* **Dataset content**

....

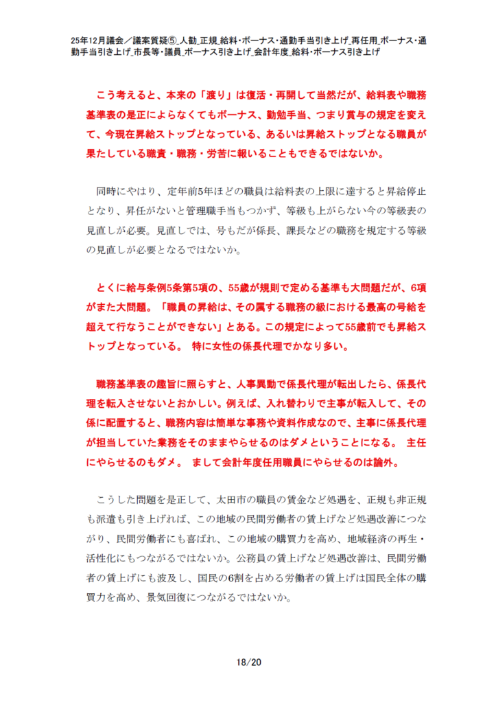16日の太田市議会最終日の本会議では、人勧準拠のための議案に質疑。総務省による自治体への〝定員適正化計画〟の押し付けによって55歳で昇給ストップとなる状況が20年近く続いていますが、太田市では53歳でも昇給ストップとなる職員がいる問題を明らかにしました。
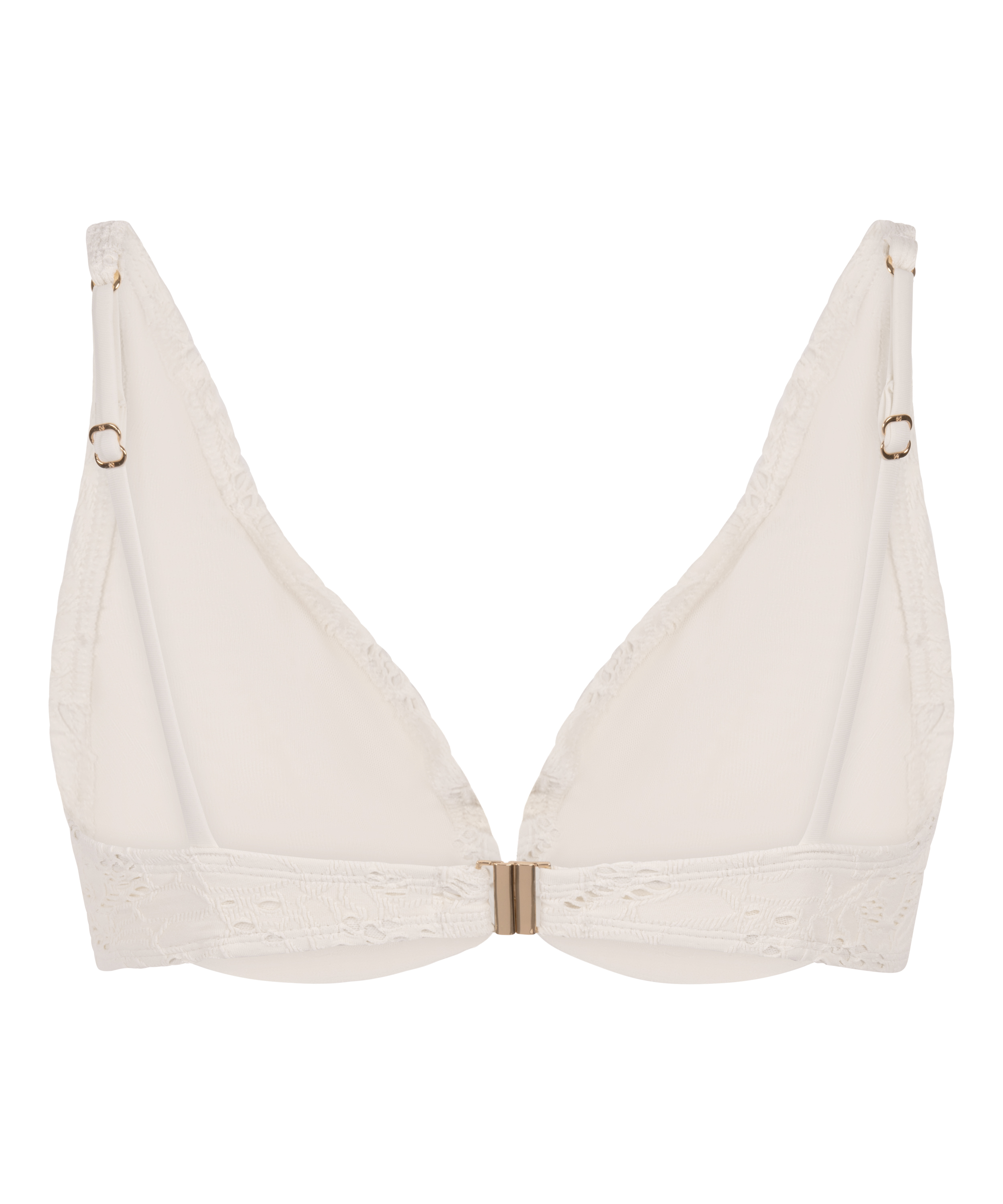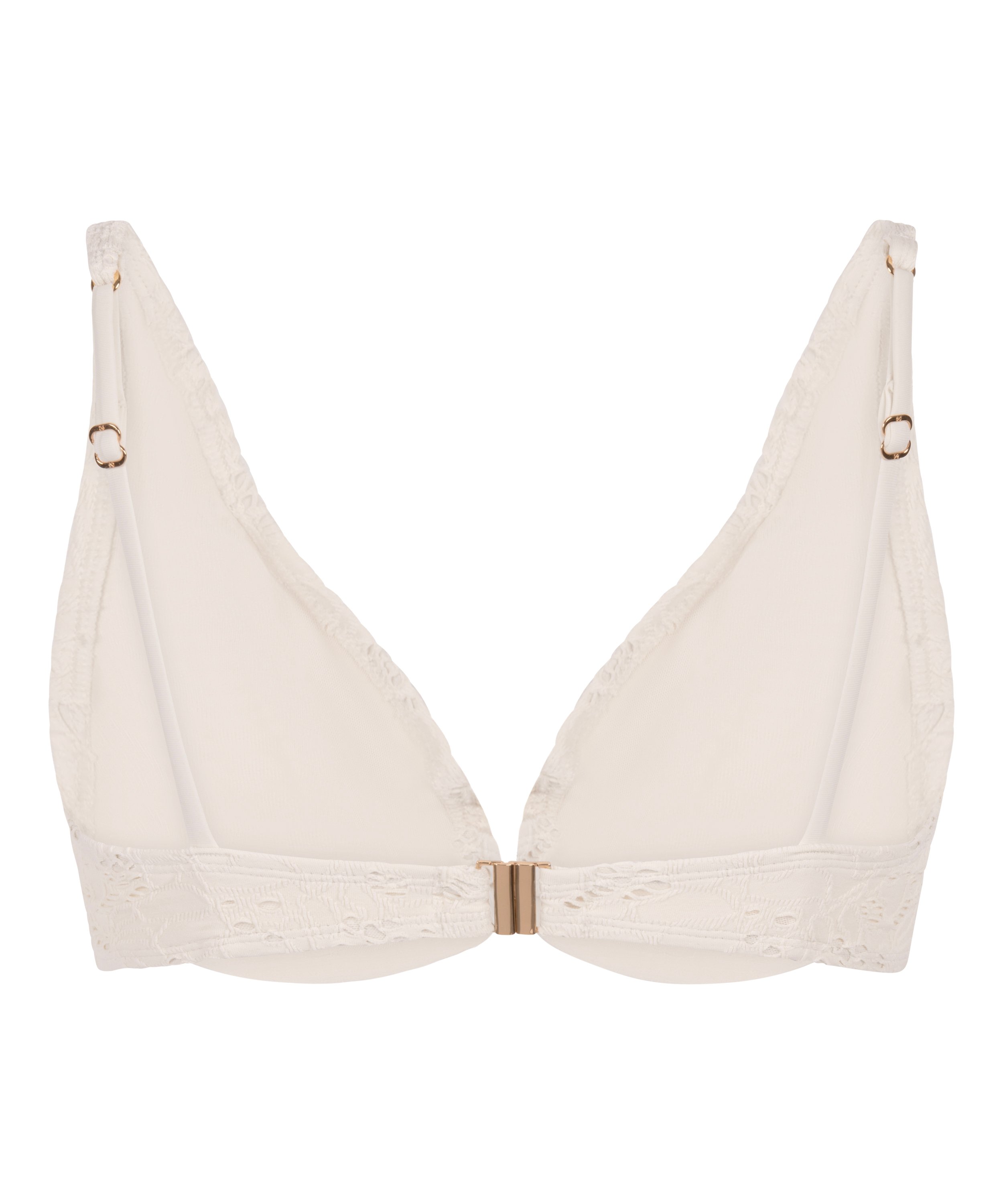 Este top de bikini de ganchillo sin aros y sin relleno combina el encanto artesanal con un toque de elegancia. Dispone de tirantes regulables, un cierre de clip seguro en la espalda y un detalle dorado delante, para ofrecer estilo y sujeción. Ideal para aquellas amantes de la lencería delicada y llamativa. Nuestros trajes de baño están confeccionados con tejidos y forros de alta calidad para ofrecer buena sujeción que se adapte a tu pecho. Si prefieres un ajuste más relajado, te recomendamos elegir una talla más.
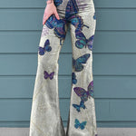 Fionara | Schmetterlings-Glöckchen-Hosen bringen ein mutiges Statement in Ihre Garderobe. Mit einer hohen Taille, weitem Bein und einem lebhaften Schmetterlingsdruck fangen diese Hosen ein Gefühl von Freiheit und Individualität ein. Perfekt für Festivals, kreative Ausflüge oder einfach um Farbe in Ihr Alltagsoutfit zu bringen.

....

* **What the task requires**
Without any pictures, write out the lines running from the one containing "Este top de" through the end of the listing above, both included, exactly as given.

* **Solution for this problem**
 Este top de bikini de ganchillo sin aros y sin relleno combina el encanto artesanal con un toque de elegancia. Dispone de tirantes regulables, un cierre de clip seguro en la espalda y un detalle dorado delante, para ofrecer estilo y sujeción. Ideal para aquellas amantes de la lencería delicada y llamativa. Nuestros trajes de baño están confeccionados con tejidos y forros de alta calidad para ofrecer buena sujeción que se adapte a tu pecho. Si prefieres un ajuste más relajado, te recomendamos elegir una talla más.
 Fionara | Schmetterlings-Glöckchen-Hosen bringen ein mutiges Statement in Ihre Garderobe. Mit einer hohen Taille, weitem Bein und einem lebhaften Schmetterlingsdruck fangen diese Hosen ein Gefühl von Freiheit und Individualität ein. Perfekt für Festivals, kreative Ausflüge oder einfach um Farbe in Ihr Alltagsoutfit zu bringen.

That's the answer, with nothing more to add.